*** Opening Data section ***

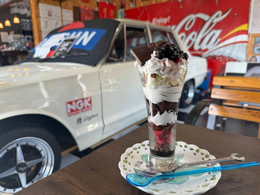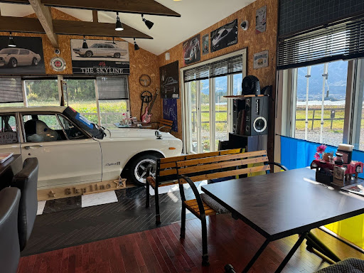 店内にスカイライン2000GT‐X、通称「ハコスカ」と呼ばれる旧車がドーン!と置いてあるカフェなんです。
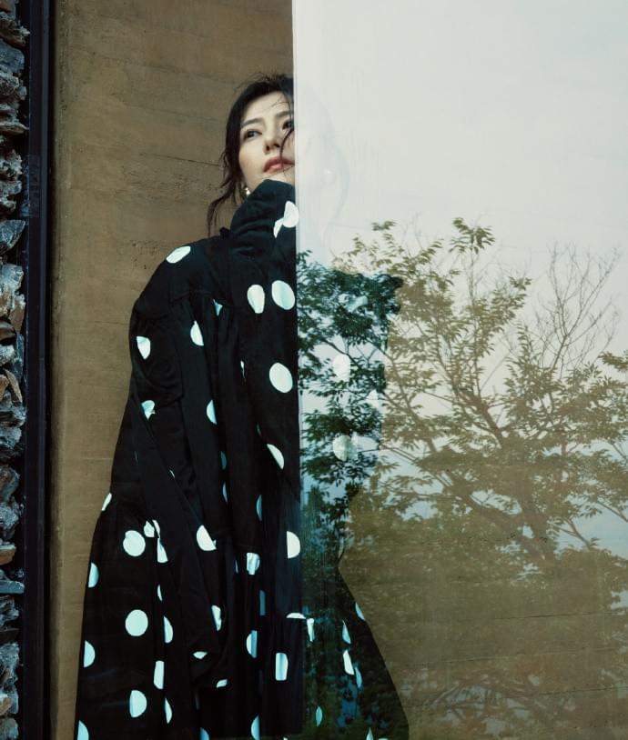 这组照片中可以看出,高圆圆穿着一身时尚的大波点元素的服装。具有十足的时尚感。
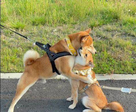 見到正妹把持不住!雲林北港有隻色瞇瞇柴犬「Choco」,日前散步時遇見同為柴犬的「Q比」,沒想到,當牠一看見甜美可愛的Q比時,居然直接上前將這隻少女柴「抱緊處理」,散發出濃烈的粉紅泡泡,當場閃瞎媽媽。
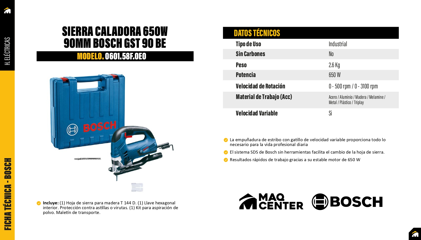 Sierra caladora bosch 650w 90mm gst 90 be - 0601.58f.0e0
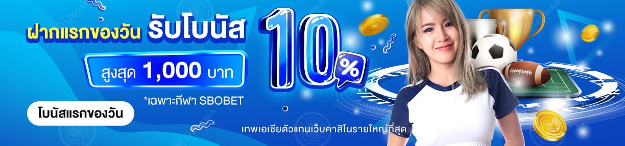 SBOBET โปรโมชั่นยอดฝากแรก รับเพิ่มทันที 10% สูงสุด 1,000 บาท
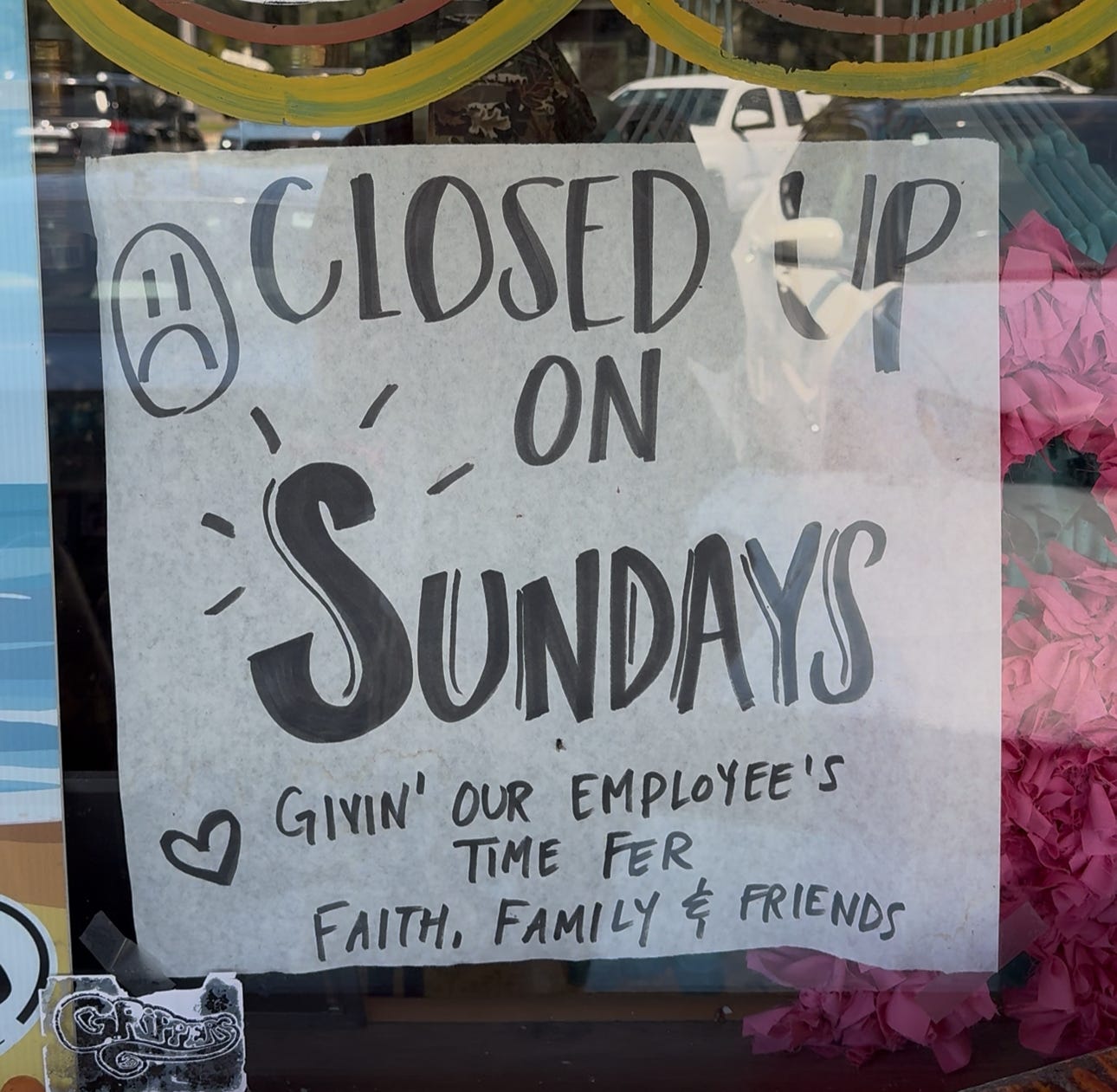 As we were walking up to the strip mall style building that Angie fully occupies, I couldn't help but smile at a sign in the window that read "Closed up on Sundays. Giving our employees time fer Faith, Family, and Friends."
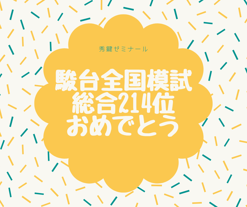 当ゼミの秀鍵生(高校一年生)が、駿台全国模試にて全国214位を獲得した
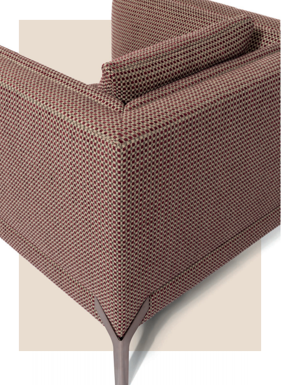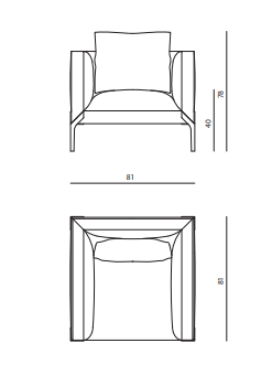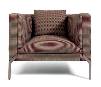 Small armchair with non-removable upholstery in leather or fabric, structure in plywood and solid wood with elastic webbing stretch bands, padding in multi-density polyurethane foam, Memory Foam? and feather. Loose cushions in feather. Dove-tail feet in stainless steel.
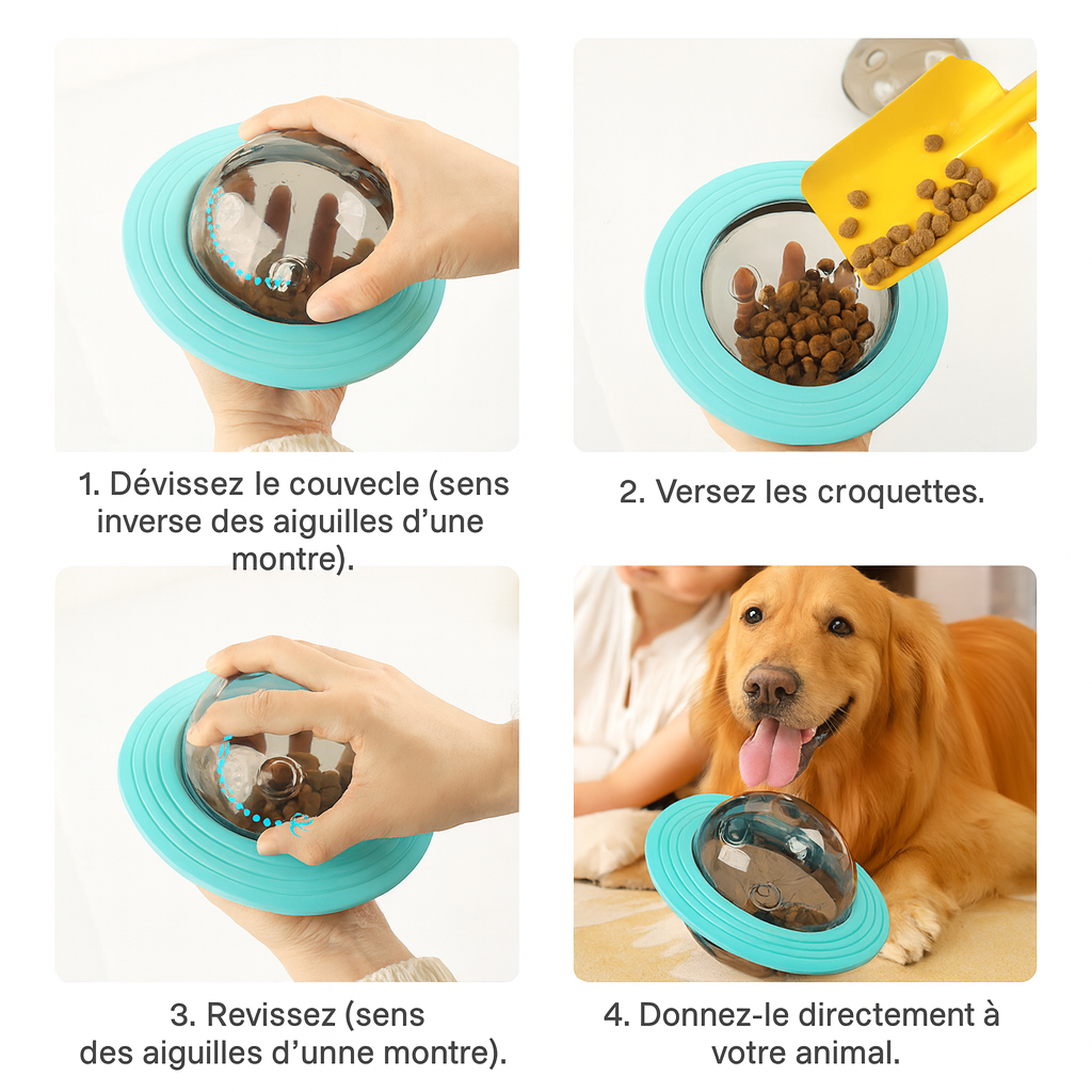- 🍖 Distributeur de friandises : cache des friandises ou croquettes pour prolonger le plaisir et ralentir l’ingestion.
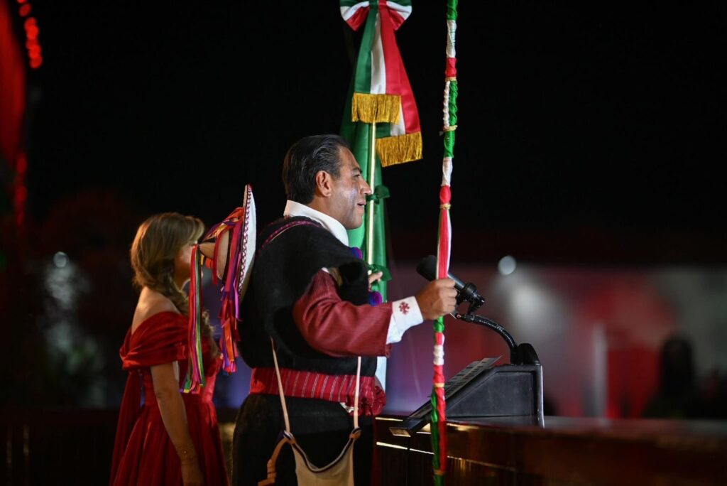 El gobernador inició con los nombres de los próceres nacionales: “¡Viva Miguel Hidalgo y Costilla! ¡Viva Josefa Ortiz! ¡Viva José María Morelos y Pavón! ¡Viva Vicente Guerrero! ¡Viva Leona Vicario! ¡Viva Ignacio Allende!”

*** Closing Data section ***

■ **Task instructions**: Please, without any pictures, write out exactly the lines of the listing from its first line through the line that holds "当ゼミの秀鍵生(高校一年生)が、駿台全国模試にて全国214位を獲得した", ends included, and nothing beyond them.

■ **Response**:
 店内にスカイライン2000GT‐X、通称「ハコスカ」と呼ばれる旧車がドーン!と置いてあるカフェなんです。
 这组照片中可以看出,高圆圆穿着一身时尚的大波点元素的服装。具有十足的时尚感。
 見到正妹把持不住!雲林北港有隻色瞇瞇柴犬「Choco」,日前散步時遇見同為柴犬的「Q比」,沒想到,當牠一看見甜美可愛的Q比時,居然直接上前將這隻少女柴「抱緊處理」,散發出濃烈的粉紅泡泡,當場閃瞎媽媽。
 Sierra caladora bosch 650w 90mm gst 90 be - 0601.58f.0e0
 SBOBET โปรโมชั่นยอดฝากแรก รับเพิ่มทันที 10% สูงสุด 1,000 บาท
 As we were walking up to the strip mall style building that Angie fully occupies, I couldn't help but smile at a sign in the window that read "Closed up on Sundays. Giving our employees time fer Faith, Family, and Friends."
 当ゼミの秀鍵生(高校一年生)が、駿台全国模試にて全国214位を獲得した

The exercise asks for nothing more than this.